Breast cancer ; Recurrence ; Metastasis ; Microbiome ; Machine learning
Abstract
Recurrence and metastasis of breast cancer (RMBC) have a decisive impact on patient survival, necessitating reliable biomarkers for its early prediction. This study used machine learning to evaluate blood microbiome profiles as predictive biomarkers of RMBC. A retrospective predictive analysis was conducted on 288 participants, including 96 patients with breast cancer and 192 healthy controls. After 7 years of follow-up, patients were classified into disease-free survival (DFS, n = 88) and RMBC (n = 8) groups. Blood microbiome composition was analysed using 16S rRNA sequencing, followed by quality control. The Synthetic Minority Oversampling Technique (SMOTE) was employed to address class imbalance. Eleven machine learning models were trained using leave-one-out cross-validation (LOOCV) and k-fold cross-validation, and evaluated based on the area under the receiver operating characteristic curve (AUROC), recall, precision, F1-score, and Matthews correlation coefficient (MCC).
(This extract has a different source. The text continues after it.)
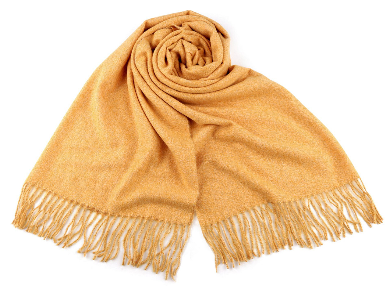 Šátek / šála / pléd s třásněmi 70x190 cm - 1 ks - 2 hořčicová
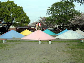 山のむこう、ブランコ シーソー、、そして 花見客あり。 |

Alpha diversity was significantly lower in DFS and RMBC groups than in the healthy control group (p < 0.05), while beta diversity analysis revealed distinct clustering. The random forest achieved an AUROC of 0.94, a recall of 0.81, an F1-score of 0.83, and an MCC of 0.88. Enterobacter, Bacteroides, Klebsiella, and Bifidobacterium were among the key microbial genera predicting RMBC in the top five models. Blood microbiome profiling shows potential as a non-invasive RMBC biomarker. Machine learning effectively distinguished RMBC, warranting further validation.